While great strides continue to be made in advanced air mobility (AAV), there are still several challenges ahead, particularly in the complexity of designing and modeling composite rotor blades. To address this challenge, AnalySwift LLC (West Jordan, Utah, U.S.), a Purdue University-affiliated software company that provides efficient high-fidelity modeling software for composites, is partnering with Utah-based Weber State University, Brigham Young University (BYU), Utah Advanced Materials and Manufacturing Initiative (UAMMI, Kaysville, U.S.) and Hexcel (Stamford, Conn., U.S.). The contract is funded through the U.S. Air Force’s (USAF) Small Business Technology Transfer (STTR) program.

Specifically, the contract with USAF’s AFWERX program — a program that seeks to accelerate the development of a commercial market for advanced air mobility (AAM) — is to develop a framework for the design of composite rotor blades used in AAM vehicles. AnalySwift notes that, while offering weight and performance advantages, such blades can be made of dozens of separate layers of composite materials, creating challenges when conducting design and analysis. For instance, representing these blades in a computer model could require billions of degrees of freedom to accurately capture all the engineering properties.

To accomplish this, several key research tasks are being carried out, including development of the framework at AnalySwift to extend VABS’ capabilities — a general-purpose, cross-sectional analysis tool for composite blade simulation — to AAM blades, materials research and qualification at Weber State, manufacturing simulation at BYU and industry collaboration with UAMMI. Corporate partner, Hexcel, is providing innovative composite materials, which AnalySwift believes may one day be the standard for AAM rotor blades.

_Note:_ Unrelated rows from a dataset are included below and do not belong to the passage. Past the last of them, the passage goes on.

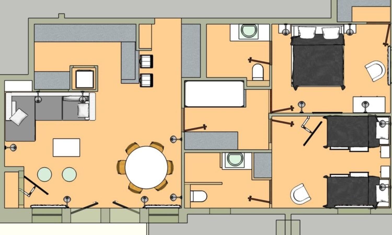 This exquisite modern apartment has been beautifully furnished with attention to detail and luxury in mind. The apartment has a spacious open plan living area with a large comfortable L-shaped sofa, TV and sonos and a stunning dining table seating 6 people. The fully equipped modern kitchen has a four ring hob, oven, microwave, fridge/freezer, washing machine, kettle and coffee machine with a breakfast bar with seating.
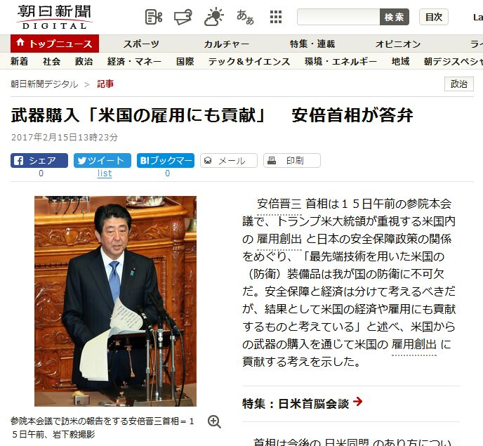【環(huán)球網(wǎng)報道 記者 余鵬飛】據(jù)日本《朝日新聞》2月15日報道,針對美國總統(tǒng)特朗普重視的國內(nèi)就業(yè)和日本安保政策的關(guān)系,日本首相安倍晉三在15日上午的參議院會議上表示,購買美國最先進(jìn)的武器裝備對日本的防務(wù)而言不可欠缺,而且還可以為美國的經(jīng)濟(jì)及就業(yè)問題做出貢獻(xiàn)。
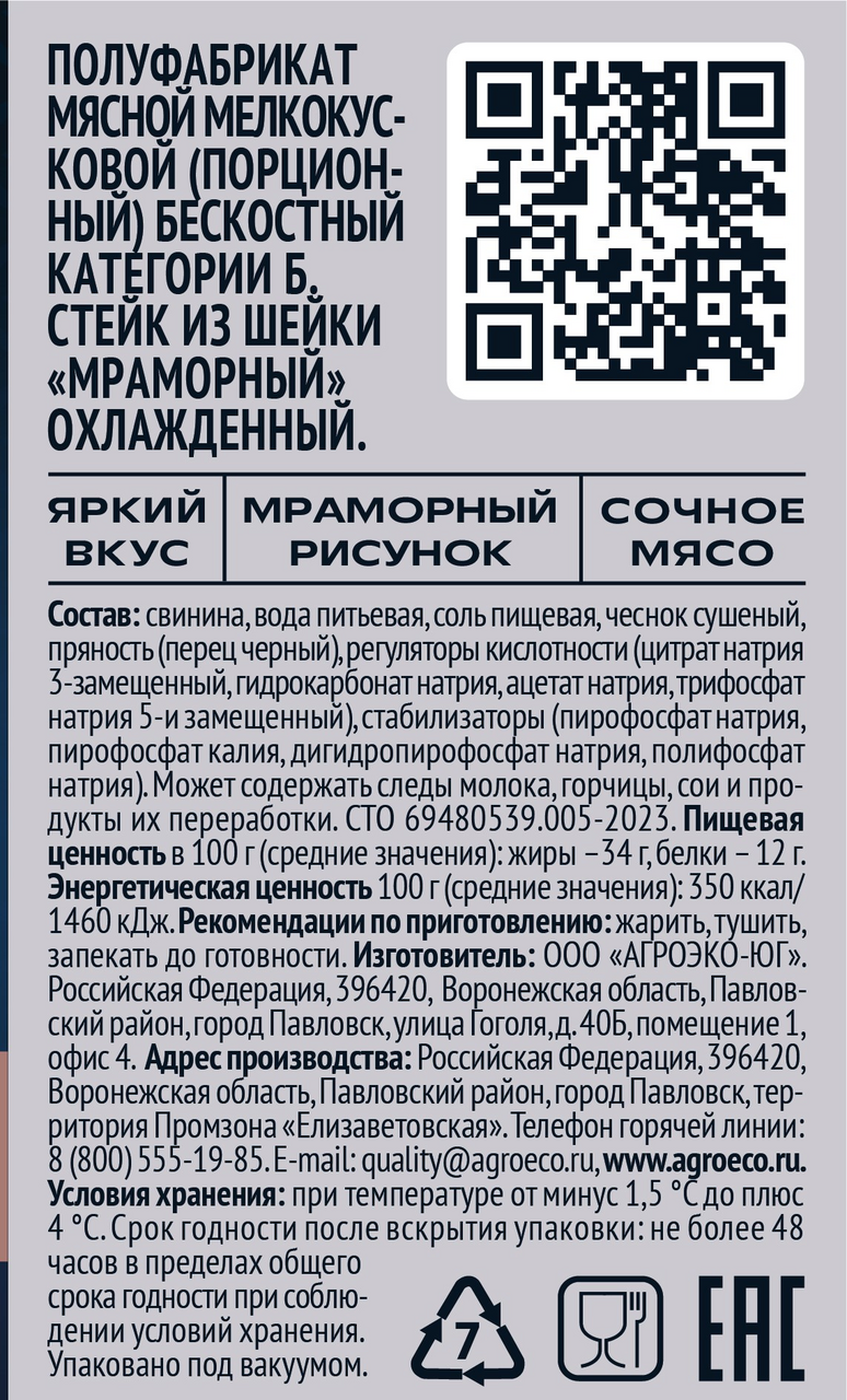 Стейк из шейки мраморный со специями Duroc Агроэко – это линейка премиальной свинины от компании Агроэко, топ -4 производитель свинины в России. Компания выращивает породу Duroc на собственных фермах. Мясо породы Duroc Агроэко отличается особой сочностью и нежностью, благодаря породе и специально подобранному рациону кормления с большим содержаниям белка. Наличие жировых прослоек, формирующие мраморный рисунок, придают готовому блюду яркий вкус и сочность. Стейк из шейки мраморный со специями Duroc Агроэко идеально подходит для приготовления стейков на огне или гриле. Классическое сочетание специй из чеснока и перца делает вкус готового блюда еще более выразительным. Стейк легко и быстро готовить. Продукт уже замаринован и откалиброван на одинаковые по толщине стейки. Готовое блюдо вкусное, имеет тонкий мясной аромат, особую нежность и сочность. Стейк из шейки мраморный отлично сочетается с овощами гриль или легким салатом. Это бескостные порционные кусочки шейного отруба с жировыми прослойками разного размера. При термической обработке они тают и делают мясо сочным и нежным. Такие стейки можно готовить практически любым способом: жарить на сковороде и на гриле, запекать в духовке со специями или под соусом, делать отбивные и многое другое. Не содержит ГМО. Продукт упакован с использованием защитной атмосферы, что позволяет сохранить все питательные и вкусовые качества в течение всего срока годности.
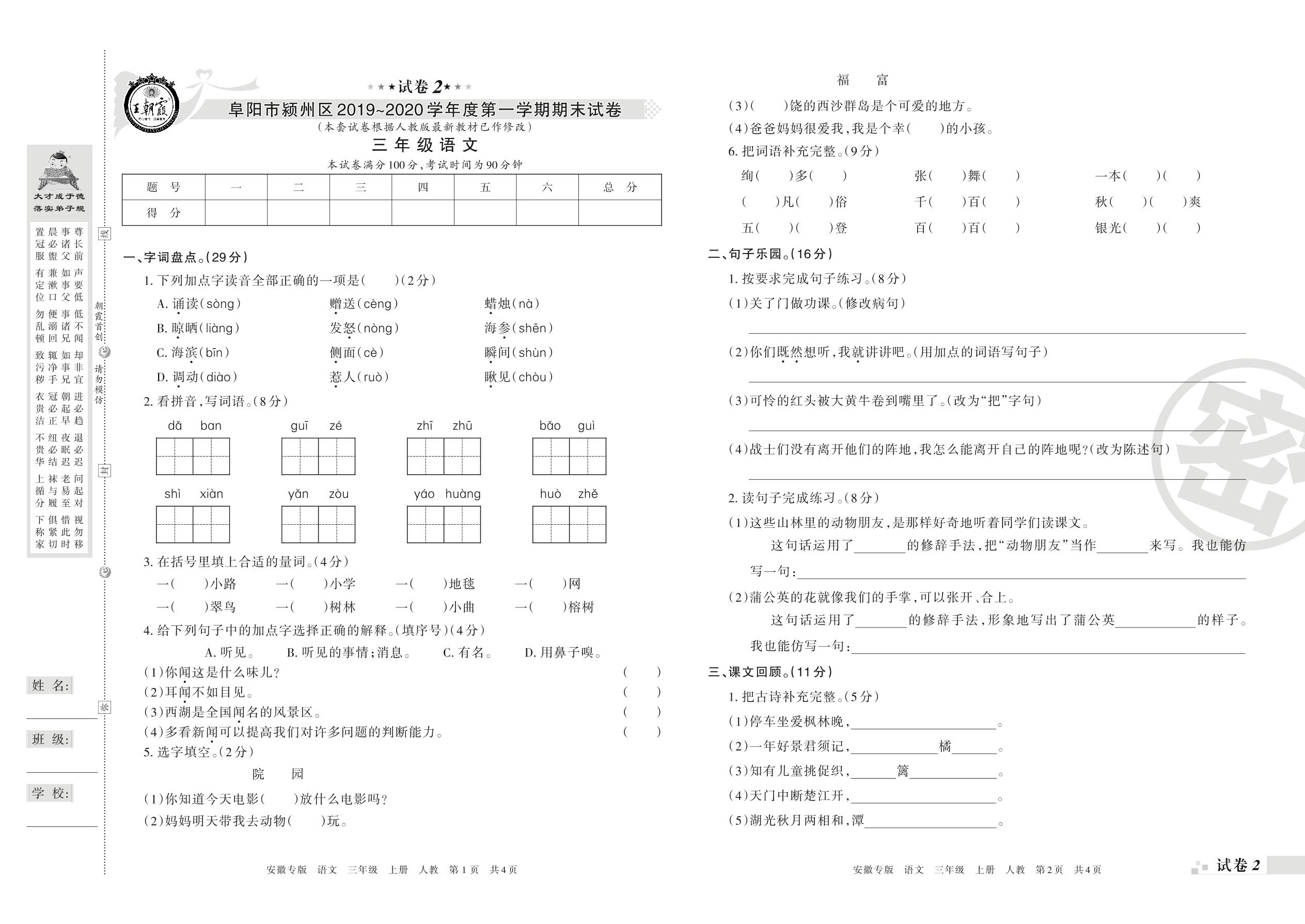 2019-2020学年第一学期阜阳市颍州市三年级语文试卷(人教版)【2】

The overarching goal of this project is to enable rapid development and certification of AAM vehicles through a digital engineering framework for this critical component, namely the rotor blade. It will not only extend the capabilities of VABS from helicopter rotor blades to AAM blades, says AnalySwift, but it also links several other programs and capabilities with VABS as well in a user-friendly framework.

Weber State itself is becoming an epicenter for the applied study of composites. The university’s new post-graduate Systems Engineering and Sustainable Engineering Certificate, as well as two new state-of-the-art engineering buildings support their advanced teaching and research. Weber State professor of mechanical engineering Daniel Magda will lead technical efforts to qualify materials provided by Hexcel for properties important in the performance of composite blades, such as stiffness and strength. This testing according to ASTM standards is important for qualifying the materials as inputs for the blade modeling framework.

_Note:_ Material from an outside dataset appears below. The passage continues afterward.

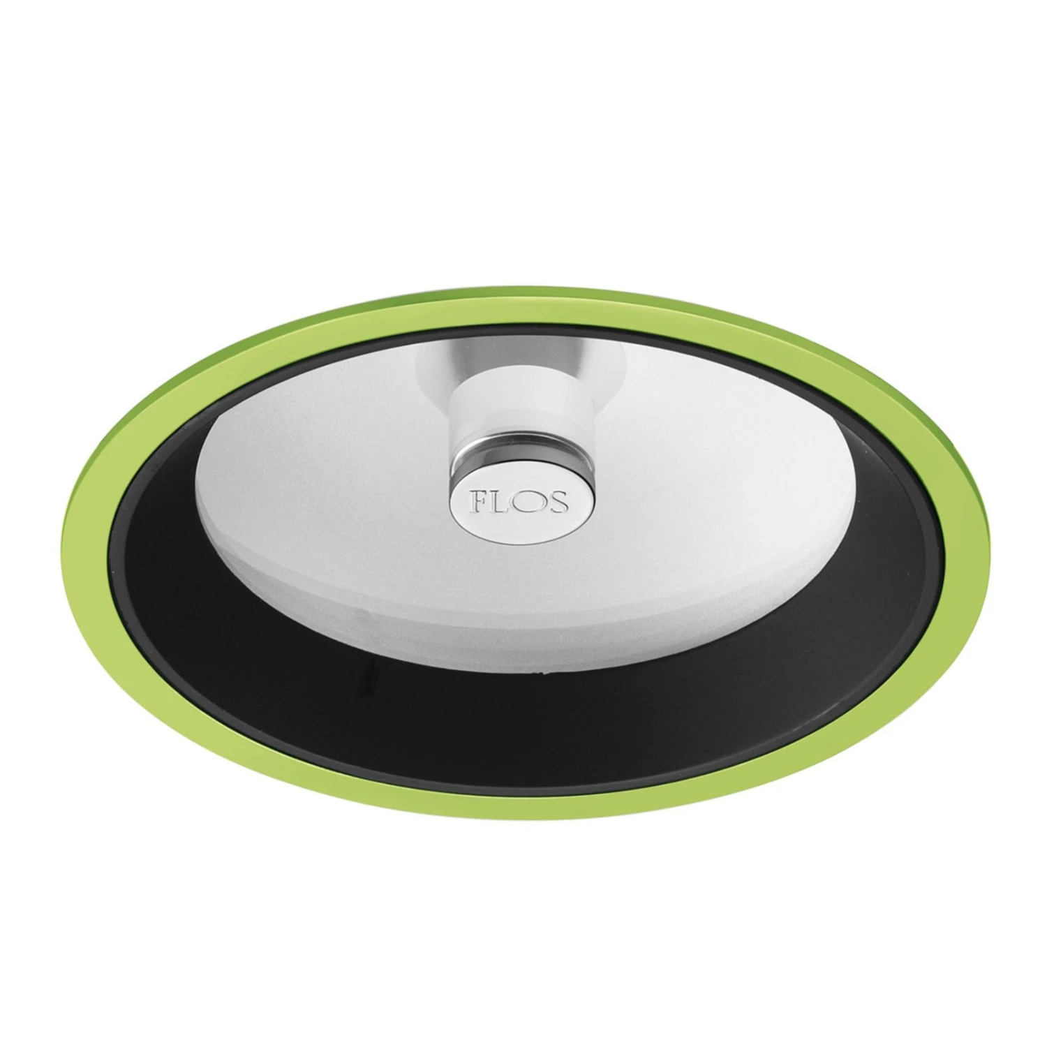 Attractive downlight Wan with satin glass plate, designed by Johanna GrawunderThis downlight of the designer Johanna Grawunder has been designed in an attractive appearance and is suitable for use in private premises, but can of course also be used in commercial objects. The frame of the recessed luminaire is optionally white, black, aluminum-colored or green and depending on the selection, special accents can be set, whereby the green variant is of course a very special highlight with a refreshing effect. Unlike most recessed luminaires, the halogen bulb is covered by a satin glass plate, creating a pleasant distribution of light that contributes to a cozy and inviting atmosphere. In the center of the glass plate also sits a silver button with the words FLOS. Wan comes with two interchangeable inner rings in the colors green and black. So you can give the lamp – depending on your wishes – a different look.For over 50 years now, the company FLOS exists, which designs with a squad of renowned designers special and high-quality lamps, which are widely recognized internationally and have won many awards.
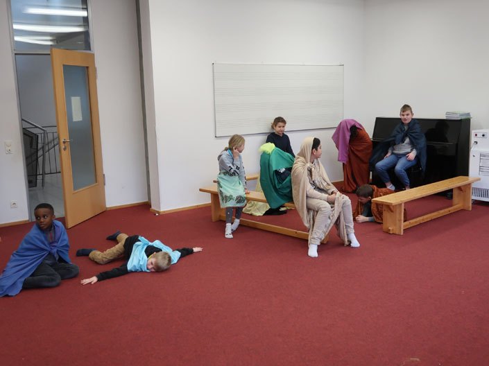 Während morgens alters- und klassengemischt gearbeitet wurde, kommen am Donnerstag-Abend die einzelnen Klassen zusätzlich zu einem Lese-Abend in ihre Klassen. Im nächsten Jahr planen wir dann wieder wie früher eine richtige Lese-Nacht mit Übernachtung in der Schule.

BYU is a private research institution with a newly created department of Manufacturing Engineering focusing on both theory and hands-on learning of common manufacturing processes. BYU has expertise in modeling and simulation of resin infusion composites processing. Under the direction of associate professor Andy George, BYU will perform flow simulation and infusion process optimization for low void content for blade and manufacturing constraints to AnalySwift to incorporate into the design.

Some of the key benefits of the envisioned final product include improved vehicle competitiveness with highly rigorous simulation of composite rotor blades, reduced time to market with orders of magnitude reduction in analysis time, less reliance on costly and time-consuming experiments and a convenient engineering platform for wide usage that doesn’t require finite element analysis (FEA) expertise to operate. These benefits potentially add up to significant time and cost savings for those developing AAM vehicles.

More specifically, AnalySwift says the VABS-enabled framework can help deliver AAM blade engineers the best complete set of beam properties, which are needed for static/dynamic design and analysis of rotor blades as well as the complete set of accurate stresses/strains/strength ratios for assessing
the structural safety of the blades. The VABS program is said to be extensively validated in helicopter and wind industry for accuracy and is highly optimized for ply-level details modeled in seconds.